Here, the question starts to change: aren’t we already, as Susanna says, “fundamental actors” in global policy, whether anyone recognizes it or not? What we do affects not only others, but the fabric of values and resources on which others’ possibilities depend.
Saving what we savor
In Citizens’ Climate Lobby group start volunteer training workshops, we talk about the problematic split between what we seek to save and what we want to spend time savoring. If you don’t know what you savor in this world, it can become more difficult to figure out what you need to be doing to save those things you value and to prevent degradation, loss and damage. The reasons for your political action become blurred.
We brought this into the working session, and asked participants to think about their environmental, climate and political values in these terms. The three savored values that stood out were:
- the deep spiritual value of an indigenous people largely ignored by the outside world,
- the transformational experience of “global moms”—women working together from across the world to raise awareness about the impact of policy on their lives and the world around them
- and a young Brazilian delegate’s affection for working with people of diverse backgrounds and diverse viewpoints.
Respect difference, she said, spend time listening, and you can find that from these marginal excluded groups, or from people who have never had contact with the policy realm before, or in mapping out the scope of our own thinking, we discover applicable insights with more diversity, more reach, and more wisdom.
Not only were people there focused on savoring and saving the ecological value of a stable climate, but the unique ways in which diverse human intelligence makes us a more sustainable contributor to the landscape of natural life-support systems. A closing question: can our politics support this kind of thinking?
Conclusions
The supposed expediency of popular exclusion does not necessarily move good policy faster. The climate negotiations are a prime example: after 23 years, the UNFCCC has still not been fully implemented. Now, in 2015, there is great hope that a more inclusive process will result in 195 nations introducing comprehensive, measurable, effective climate response plans, enabling us to build a worldwide low-carbon economy, as had been intended in 1992. A major part of that hope is the increased level of popular civics going into the examination, adoption and implementation of solutions.
Governments are not left to make all the necessary choices on their own. By adding business, academics, civil society, communities, marginal groups, subnational governments, and many other constituencies, to the policy arena, the policy arena becomes more diverse, more vast, more capable.
The real outcome from the Pathway to Paris working session at the Civil Society Forum of the World Bank / IMF Spring Meetings was: together, we are more intelligent.

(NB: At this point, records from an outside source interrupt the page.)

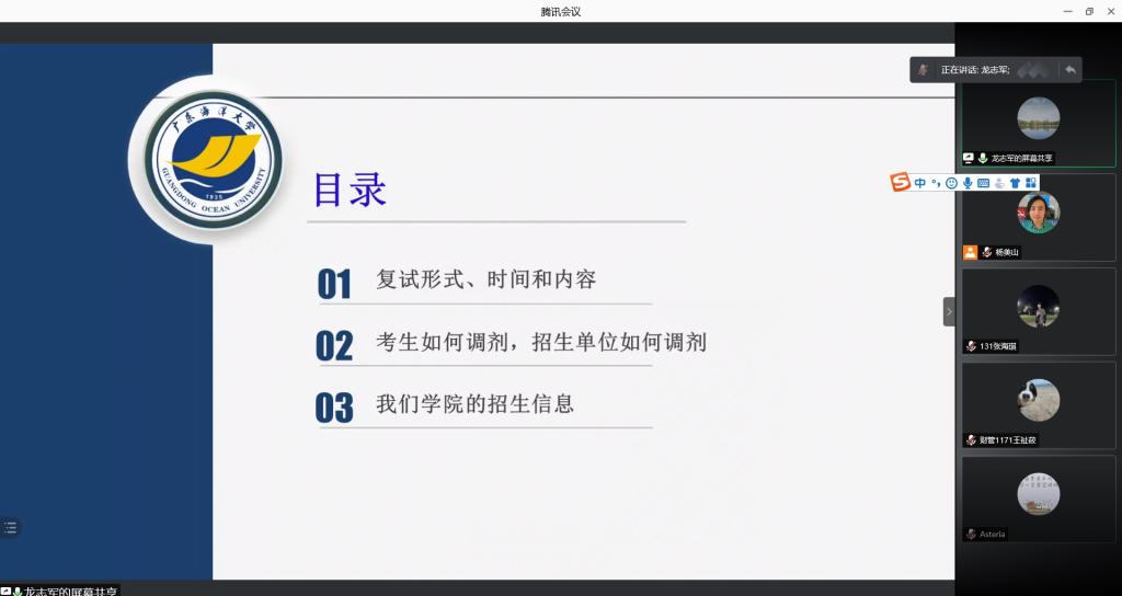 为帮助2021届毕业生进一步掌握考研复试经验,明确努力方向、坚定考试信心,3月26日晚上,管理学院通过线上平台召开2021届毕业生考研复试与调剂交流会。副院长杜军教授、党委副书记吴少文、研究生辅导员龙志军、毕业班辅导员、2020届考研优秀学生代表、2021届考研复试学生以及有考研意向的学生共85人参会。会议由辅导员杨美山老师主持。
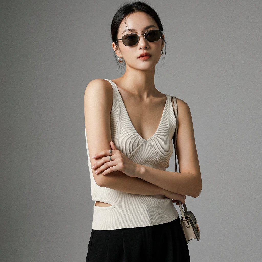 Entdecken Sie den lässig-eleganten Stil mit unserem gestrickten V-Ausschnitt-Tanktop. Sein schmaler Schnitt und sein weiches Material machen es zu einem unverzichtbaren Kleidungsstück für alle Jahreszeiten. Erhältlich in verschiedenen Farben, passend zu all Ihren Wünschen! ✨
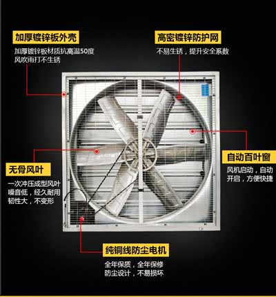 鍍鋅板式負壓風(fēng)機也叫負壓抽風(fēng)機,鐵皮風(fēng)機及畜牧風(fēng)機是蘇州速吉鍍鋅板抽風(fēng)機在吸取同類產(chǎn)品優(yōu)點的基礎(chǔ)上,開發(fā)研制的實用新型畜牧風(fēng)機,該系列風(fēng)機具有全壓低、風(fēng)量大、噪音低、節(jié)能、運轉(zhuǎn)平穩(wěn)、百葉窗自動啟閉、維修方便等特點。
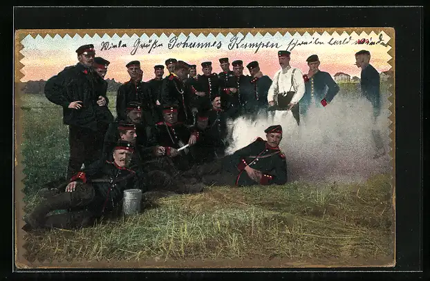 AK Eine Gruppe Soldaten in Uniform auf einem Feld
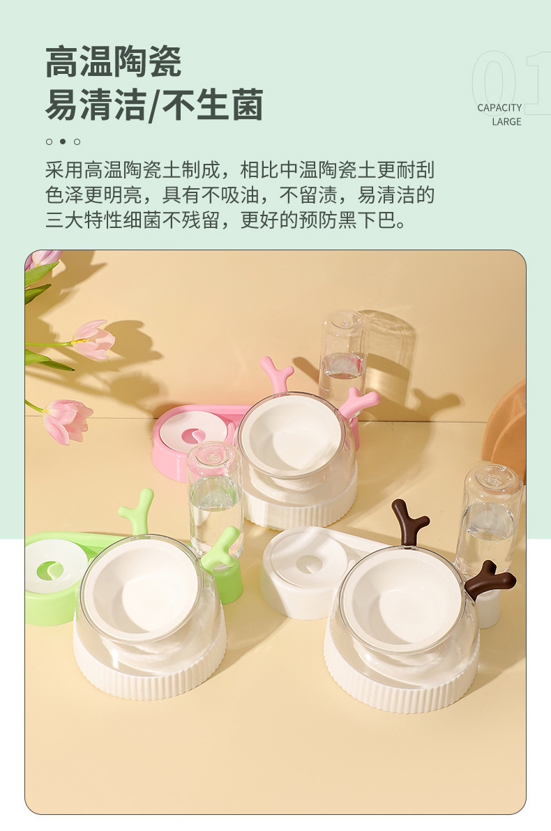 새로운 고양이 그릇 세라믹 더블 그릇 자동 마시는 개 음식 그릇 테디 밥 그릇 애완 동물 마시는 개 피더 용품
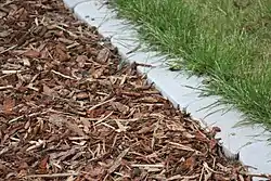 - Rindenmulch: kohlenstoffhaltig. In Staudenbeeten und unter Sträuchern setzt man auch Rindenmulch aus zerkleinerter Rinde von Nadelbäumen, meist Fichten ein. Das Material sollte ausreichend lange, d. h. mindestens drei Monate abgelagert sein, um sicherzustellen, dass die phytotoxisch wirksamen Inhaltsstoffe der Rinde und des Baumharzes wie Gerbstoffe und Tannine bereits abgebaut wurden.
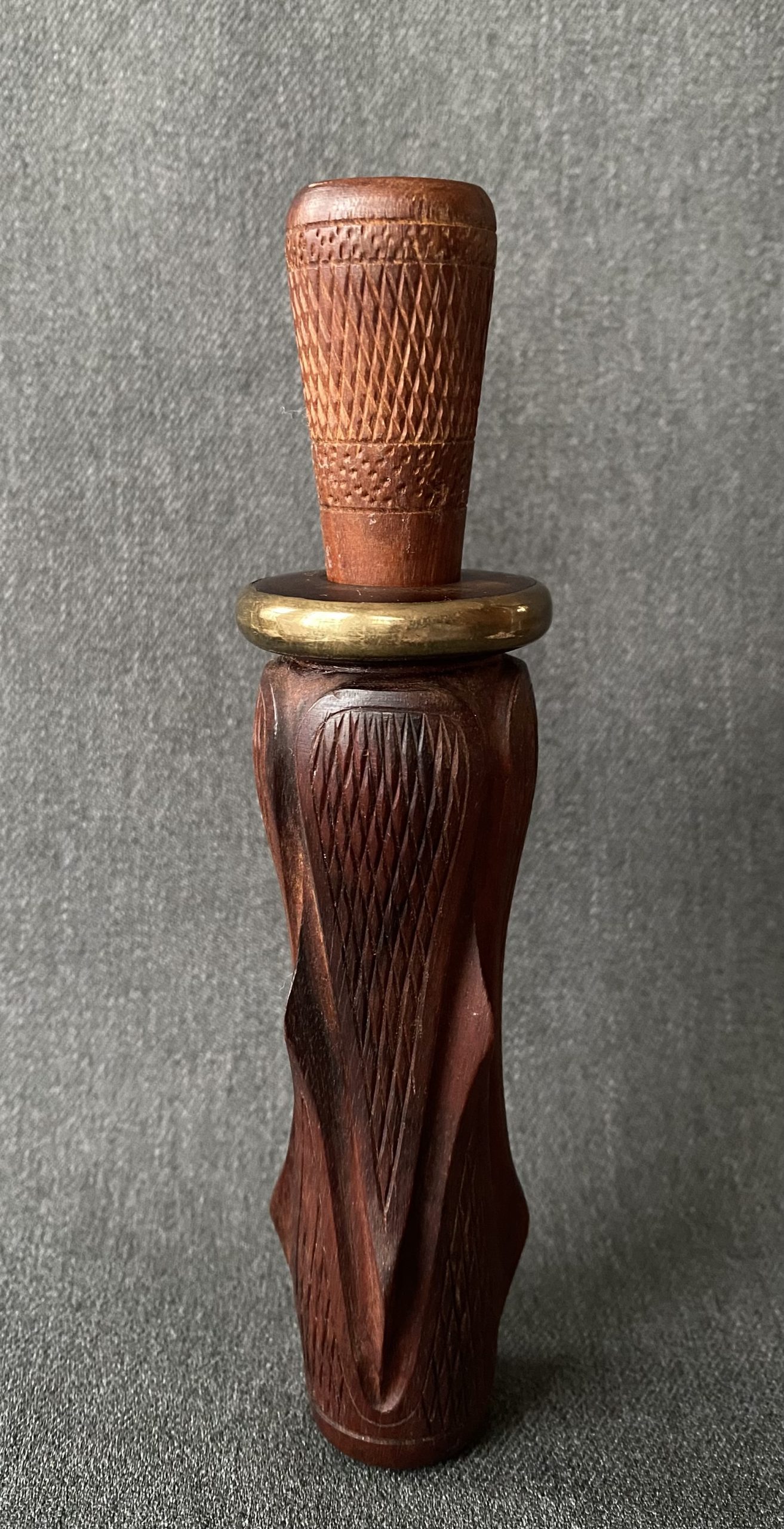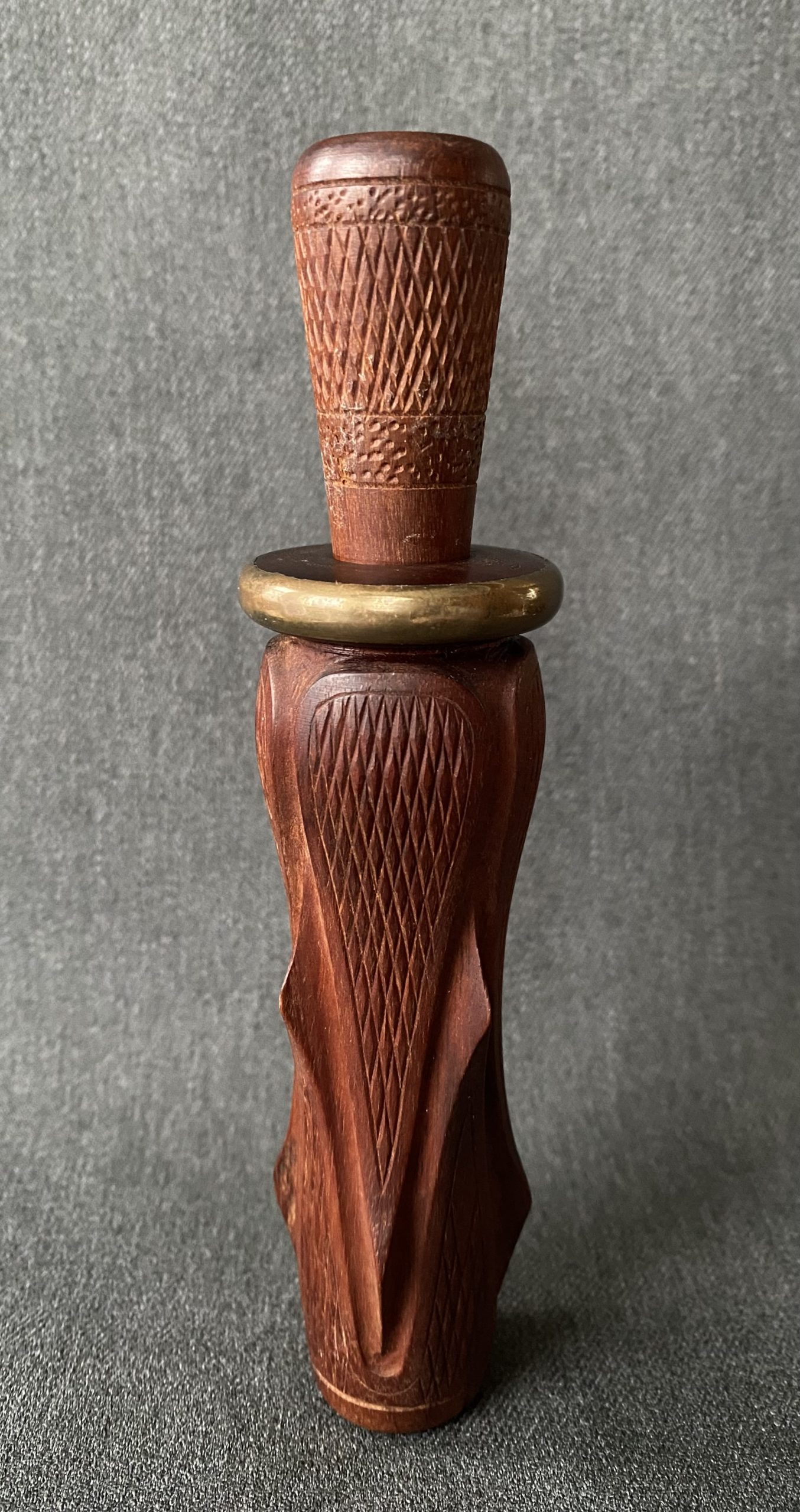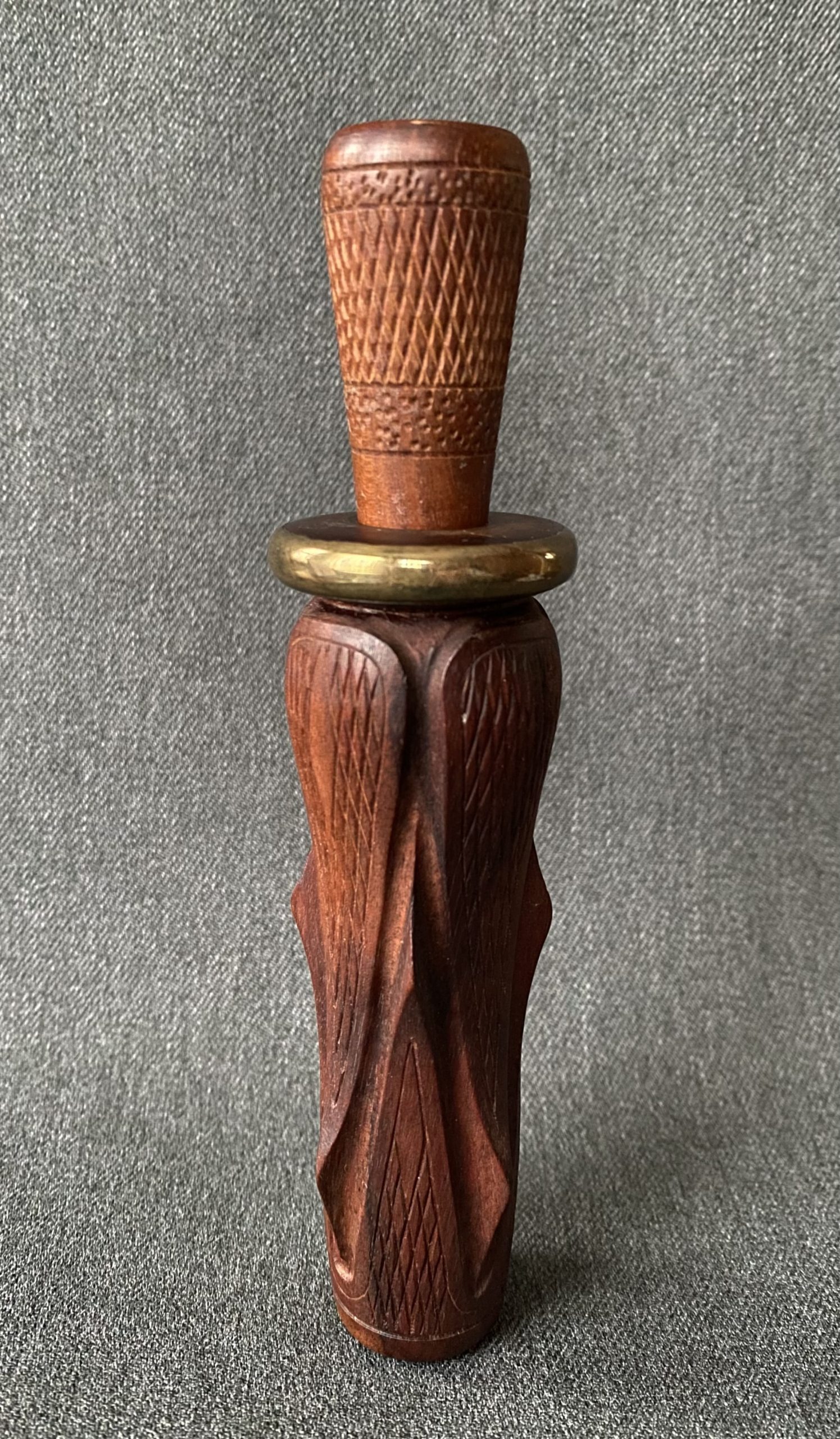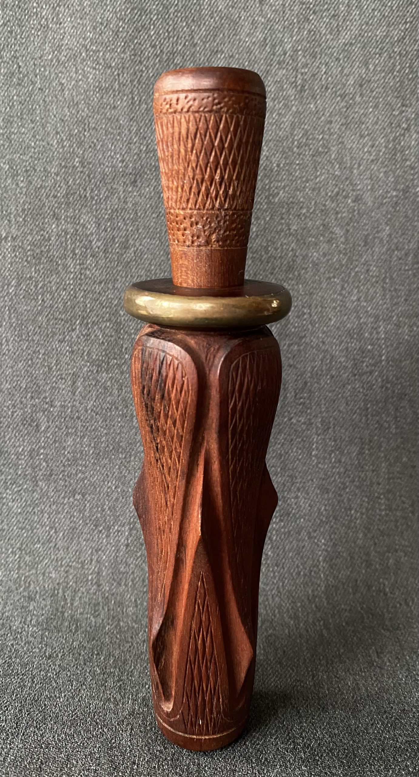 A beautifully, intricately checkered Rosewood call from Everett Baldridge. The call is Arkansas style with a plastic reed and a brass ring around the top of the barrel.
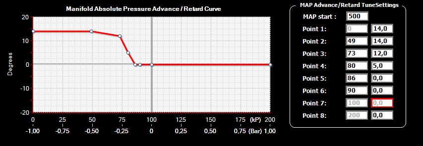 - “Boost retard” is een term die men gebruikt bij supercharged/boosted motoren. Als de druk in het spruitstuk groter wordt dan de atmosferische druk, mag de vonk later komen. In het kwadrant rechtsonder kunnen we die waardes kwijt.
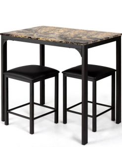• Modern 3-Piece Dining Set Brown Faux Marble Table-Top and 2 Black Chairs Stools

With more viewpoints coming into the policy arena, our view of the landscape can achieve a higher resolution, take in more information, depict the realm of lived experience and human need more accurately.
>>> Further Discussion
After this working session, we added the following question to the IMF’s discussion forum on Energy and Climate Policy:
In the Pathway to Paris working session on April 15, during the Civil Society Policy Forum held as part of the IMF/World Bank Spring Meetings, we heard from Prof. Susanna Cafaro that “Citizens are fundamental actors” on the global stage, though this is often not how we look at their role, and structures are designed not to recognize that role. Individuals are fundamental actors in all economic dynamics. Can we focus some attention on ways to use carbon pricing policy to build value in the lives of individuals, so their everyday economic activity becomes a driver of an efficient energy transition?